***** Input data

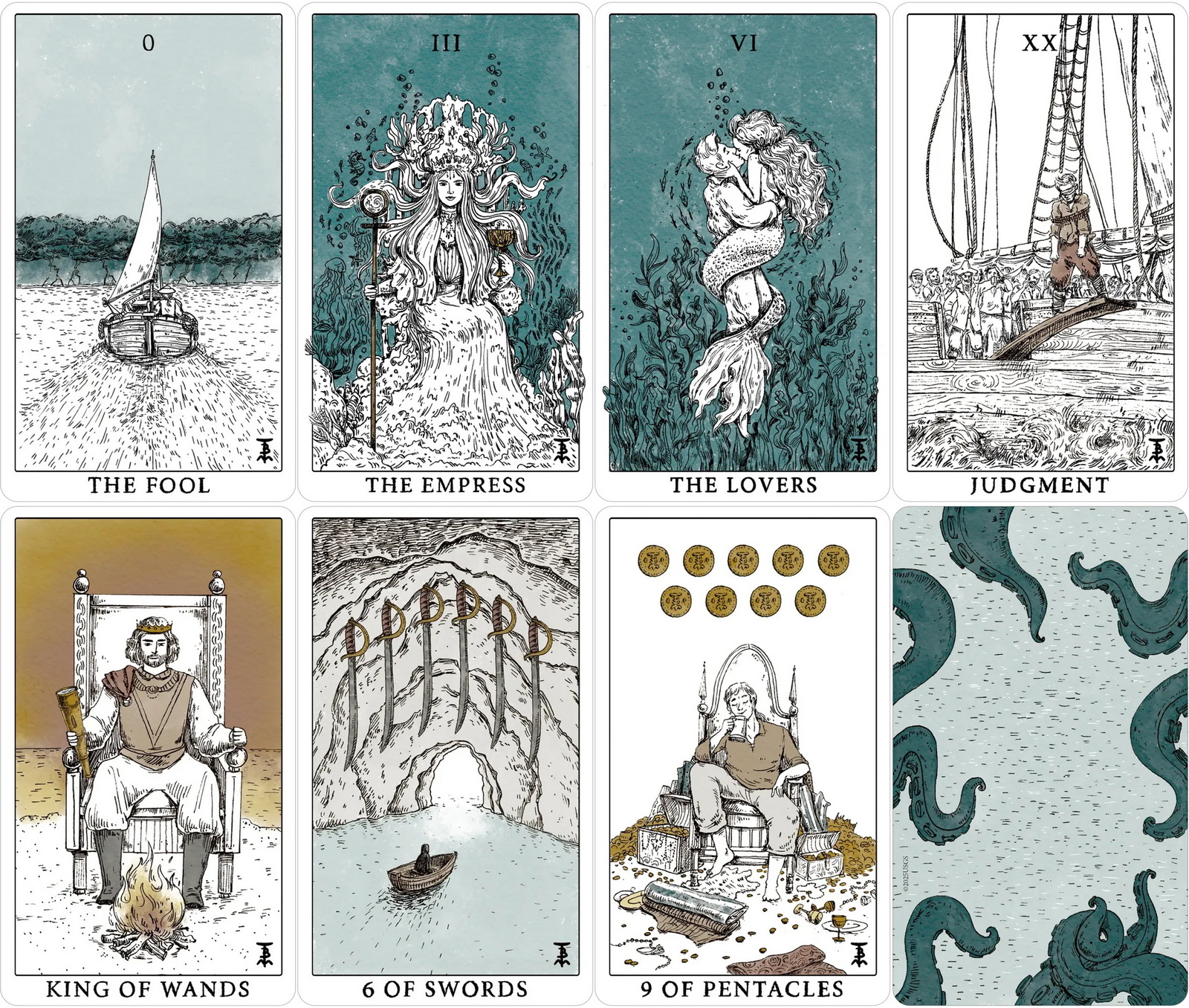 Tempest Tarot 邀請你踏上航海冒險之旅,探索海洋領域的奧秘和秘密。當你冒險越過淺灘,到達了深海,挑戰你去尋找內心真理的寶藏時,你會發現你的視角正在轉變。神話中的海洋生物、活潑的海盜和迷人的美人魚幫助你在 78 張塔羅牌中探索新視野。
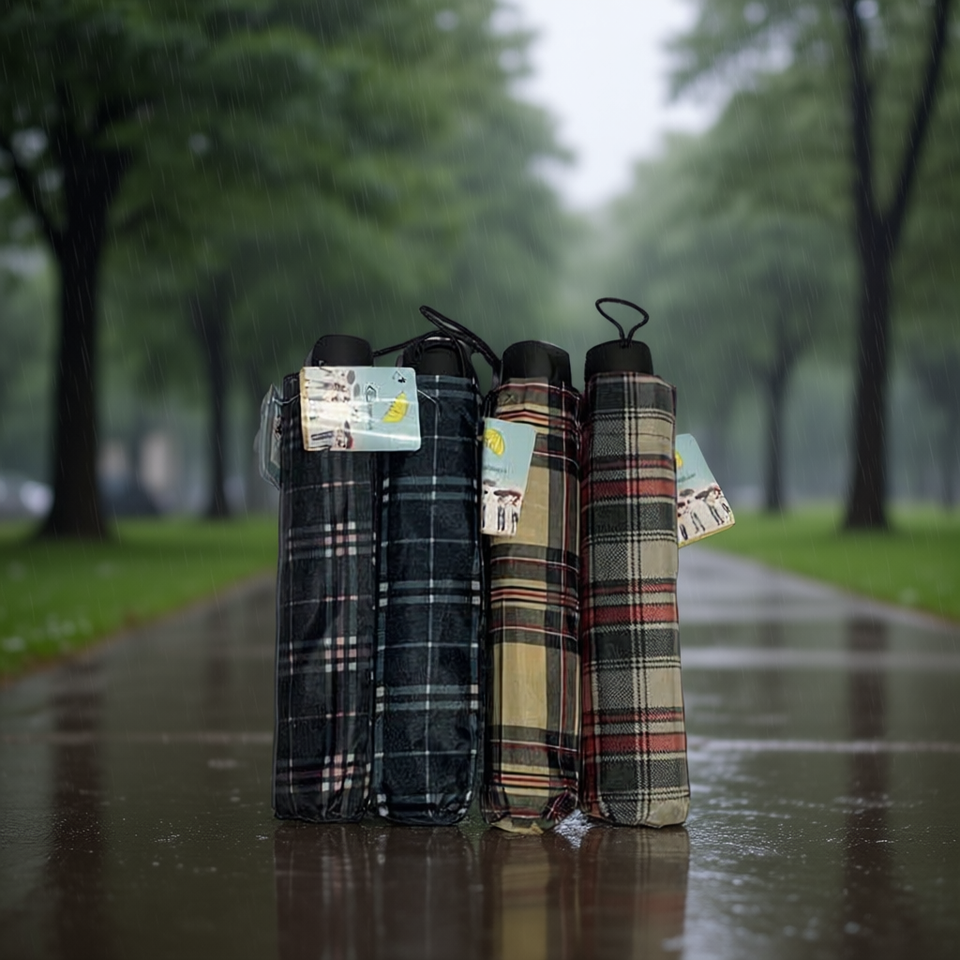 Checkered Umbrellas Mixed Pack 12Pcs Compact Foldable Rain Protection
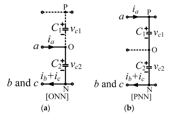 Therefore, if the negative offset voltage is injected when the voltage difference , meaning the new switching states generated after the offset voltage injection satisfies (21). Figure 4a,b show the capacitor current path with the switching states (ONN) and (PNN), respectively. As shown in Figure 4a, the lower capacitor is charged by the current flowing and the voltage is increased. As a result, the voltage difference , which was greater than zero, can be reduced, leading to the capacitor voltage balancing. Figure 4b shows the switching state (PNN), and the capacitor voltage does not change because no current flows through the neutral point, which gives no harmful effects on the capacitor voltage balancing.
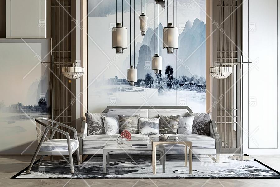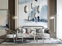 新中式沙发茶几组合 水墨山水画中式背景墙
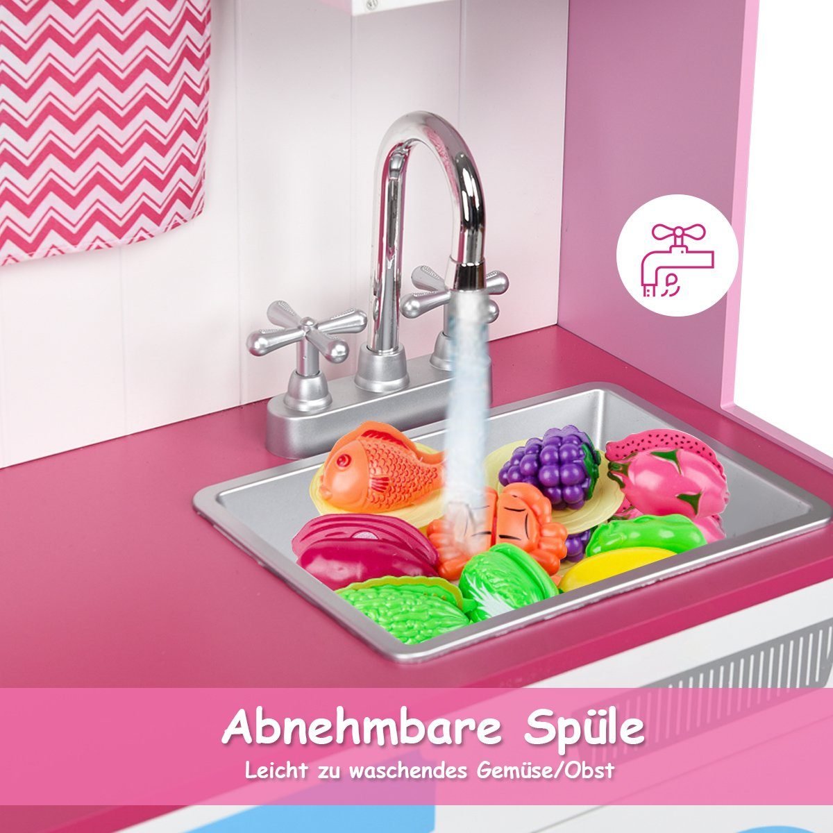 Medinė žaidimų virtuvėlė su kriaukle ir mikrobangų krosnele (Rožinė)

**********

Task objective: From the material above, print everything exactly except the pictures.

Exercise output:
 Tempest Tarot 邀請你踏上航海冒險之旅,探索海洋領域的奧秘和秘密。當你冒險越過淺灘,到達了深海,挑戰你去尋找內心真理的寶藏時,你會發現你的視角正在轉變。神話中的海洋生物、活潑的海盜和迷人的美人魚幫助你在 78 張塔羅牌中探索新視野。
 Checkered Umbrellas Mixed Pack 12Pcs Compact Foldable Rain Protection
 Therefore, if the negative offset voltage is injected when the voltage difference , meaning the new switching states generated after the offset voltage injection satisfies (21). Figure 4a,b show the capacitor current path with the switching states (ONN) and (PNN), respectively. As shown in Figure 4a, the lower capacitor is charged by the current flowing and the voltage is increased. As a result, the voltage difference , which was greater than zero, can be reduced, leading to the capacitor voltage balancing. Figure 4b shows the switching state (PNN), and the capacitor voltage does not change because no current flows through the neutral point, which gives no harmful effects on the capacitor voltage balancing.
 新中式沙发茶几组合 水墨山水画中式背景墙
 Medinė žaidimų virtuvėlė su kriaukle ir mikrobangų krosnele (Rožinė)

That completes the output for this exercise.